Pickled Shrimp (New Orleans Style)

Pickled Shrimp (New Orleans Style)


What You’ll Need

  • 3 pounds raw large shrimp (shells and tails on)
  • 1 large sweet onion cut into quarters and sliced
  • 1 1/2 teaspoon celery seed
  • 1 cup extra virgin olive oil
  • ¼ cup white wine vinegar
  • 6 garlic cloves thinly sliced
  • 14 bay leaves
  • 1 teaspoon fennel seed
  • 1 1/2 teaspoon mustard seed
  • 2 teaspoons dried chili seeds
  • 1 teaspoon white pepper
  • 1 teaspoon coriander seeds or 2 Tablespoons fresh chopped
  • 2 fresh lemons sliced, plus ½ cup fresh lemon juice



Boil shrimp till orange in color, opaque throughout and shaped like a C. Remove shells; leaving tails on.
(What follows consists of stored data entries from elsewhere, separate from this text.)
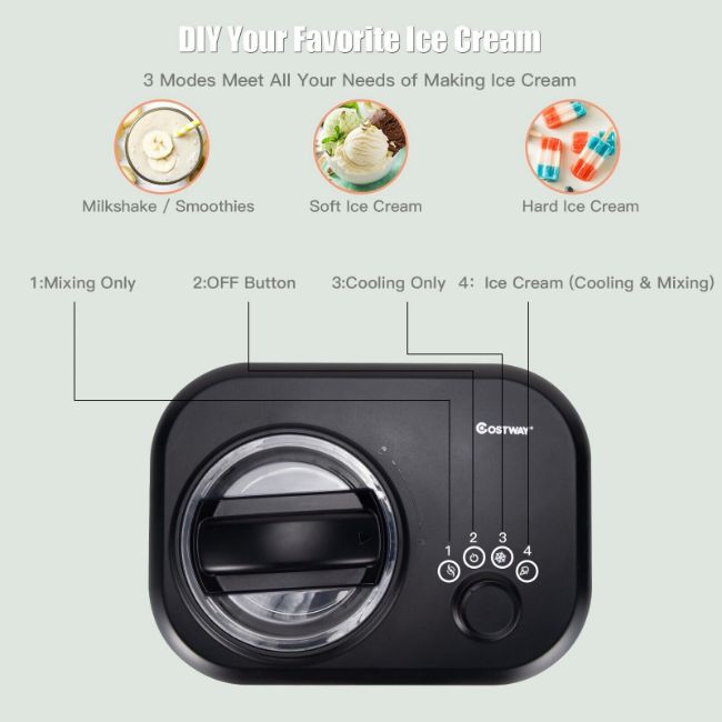This ice cream machine is designed with 3 modes, which can be chosen kinds of ice cream according to your preferences. It is easy to choose operation mode by adjusting the knob. The keep cooling function maintaining 60 minutes to keep fresh taste and perfect texture of ice cream. There will be 10 short beeps to remind you of the finish time. Equipped with compressor self-protection and motor self-protection, this machine provides you with a long service time. Since all parts are removable, the daily cleaning is easy to finish. You can add any favorite fruits or candies to create flavorful ice cream to enjoy your leisure time.
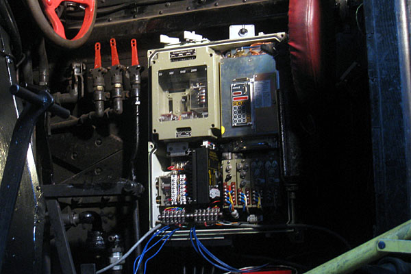 Foto 6: installatie waarmee de rijrichting van de loc wordt doorgegeven aan de PZB-apparatuur. Op het ganghendel is een pal gemonteerd die twee schakelaars bedient. Op deze foto staat het ganghendel in de stand "vooruit". In de stand "achteruit" bevindt de pal zich links van de schakelaars. In de nulstand (loc staat stil) zit de pal tussen de twee schakelaars. Deze constructie is een Nederlandse uitvinding! |
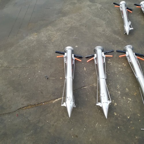 1.在盖地膜或不盖地膜的畦面上,松开手柄将本产品插入土中。
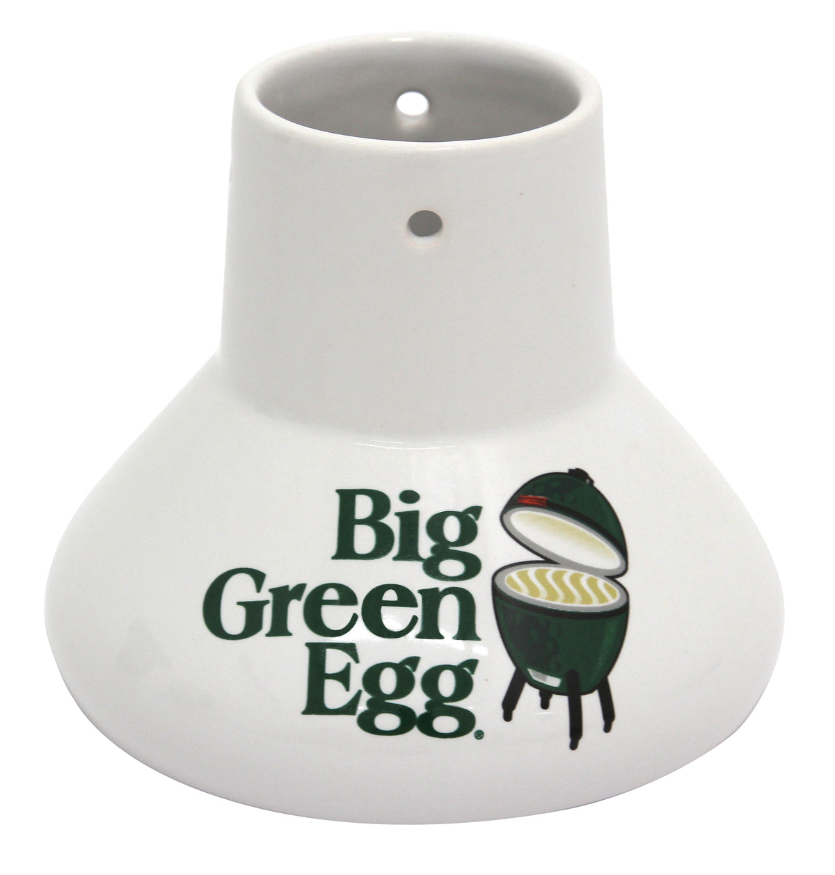 Ceramic Chicken Roaster - Using a vertical roaster on the EGG will produce the juiciest, most flavorful poultry you’ve ever tasted! Vertical roasters hold a chicken or turkey upright during cooking for even browning and easier carving when done. The ceramic roasters hold liquid such as fruit juice or beer to add flavor to the poultry. For 2XLarge, XLarge, Large, Medium, and Small EGGs
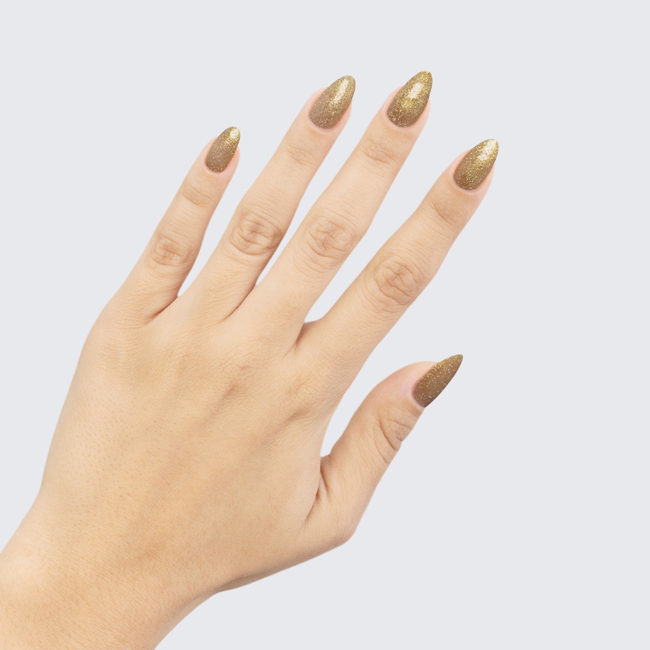 Run the show with this translucent polish full of gold shimmer.
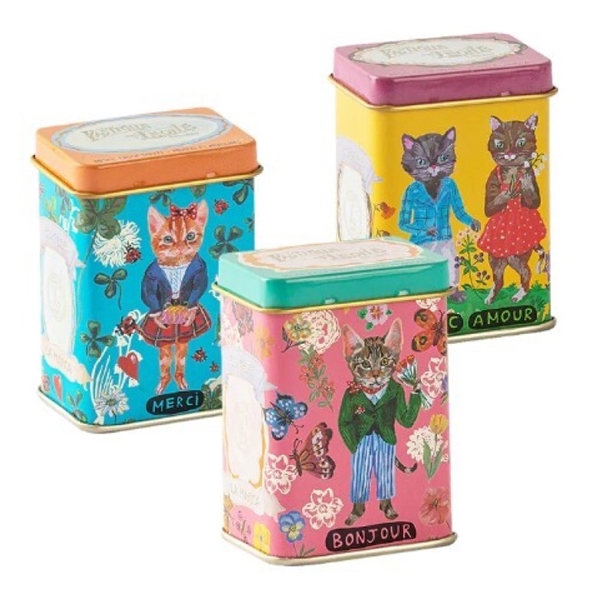 アーティスト、ナタリーレテが描く愛らしい限定缶にグルテンフリーのラムネのようなキャンディを詰めて。
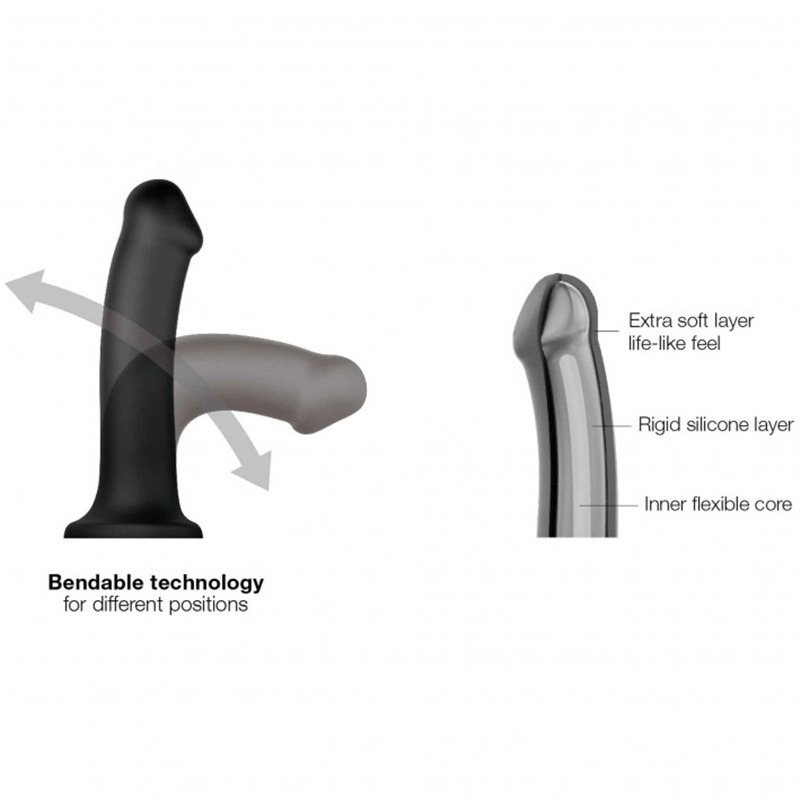La intensidad de este dildo dual no solo se hace notar por su gran volumen. La combinación de capas suaves y mullidas con el corazón semirrígido hacen que se sienta de un modo muy especial durante la penetración.
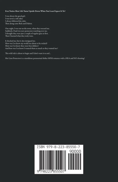 Ever Notice How Life Turns Upside Down When You Least Expect It To? I was always the good girl. I was never a risk taker. I always followed the rules. Then along came Rick and Dalton. One night, I was out on the town, when they rescued me. Suddenly, I had two new protectors watching over me. I thought they were just a couple of regular guys at first. Then I learned what they truly were. It shocked me, but it also intrigued me. How was I to know my world was about to be rocked? How was I to know they were lion shifters? And how was I to know I wanted them as much as they wanted me? This wild ride is about to begin and I don't want it to end… Her Lion Protectors is a standalone paranormal shifter MFM romance with a HEA and NO cheating!
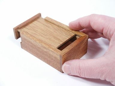 I can think of no more useful a device than this handsome solid wood box with its lustrous satin finish. As a utility device it is indispensable. If you have reason to vanish the small articles mentioned this will give you plenty of opportunity to be way ahead of the spectators as they hear the object within rattling just before setting down the box as you come away with a clean open hand. This gives perfect chance to load article into a nest of boxes or what have you. Condition first rate Collectors and includes instructions. | |
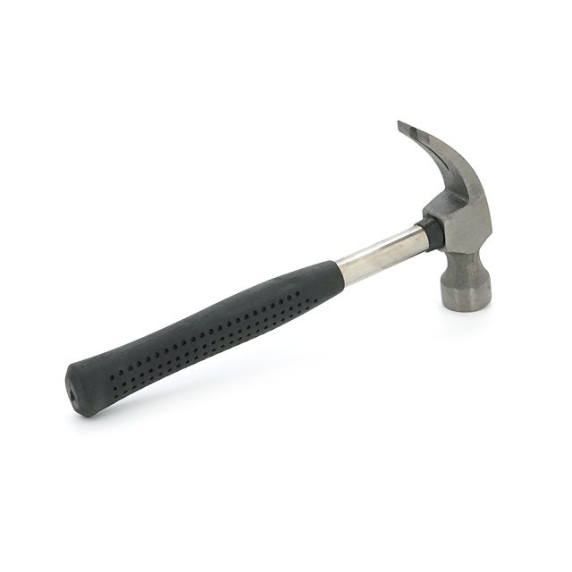 Молоток с гвоздодером 190 мм с кованной, прорезиненной ручкой, черного цвета.
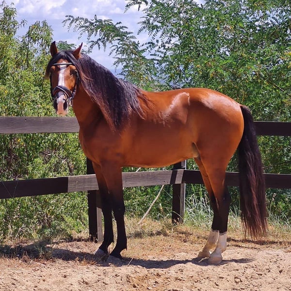 Age: 7 years Height: 165 cm Color: Beautiful brown with blaze Type: Baroque type Sovereign & easy to handle Our magnificent gelding is not only an eye-catcher, but also a dream to handle! It is confident and easy to handle, which makes it the ideal partner for leisure or sports. With his prime age of 7 years, he is very well-behaved and ready to experience many beautiful moments with his new owner. Versatile & Sporty Whether for relaxed rides in nature or for sporting activities - this gelding is suitable for both! His breed, Pura Raza Española, is known for its versatility, elegance and willingness to perform, and our gelding is no exception.

Tip: bring 3 quarts of salted water to a boil; add shrimp and turn down heat to simmer and let shrimp steep Shrimp are best when cooked gently.


Combine all the above except the lemon slices; in a large mixing bowl. Gently toss to coat the shrimp with the mixture. Place the lemon slices on the top and cover. Let marinate in the refrigerator overnight or at least 7-8 hours.


Transfer to a clean glass bowl or large plate before serving and garnish with additional fresh herbs such as sage leaves, coriander or cilantro leaves.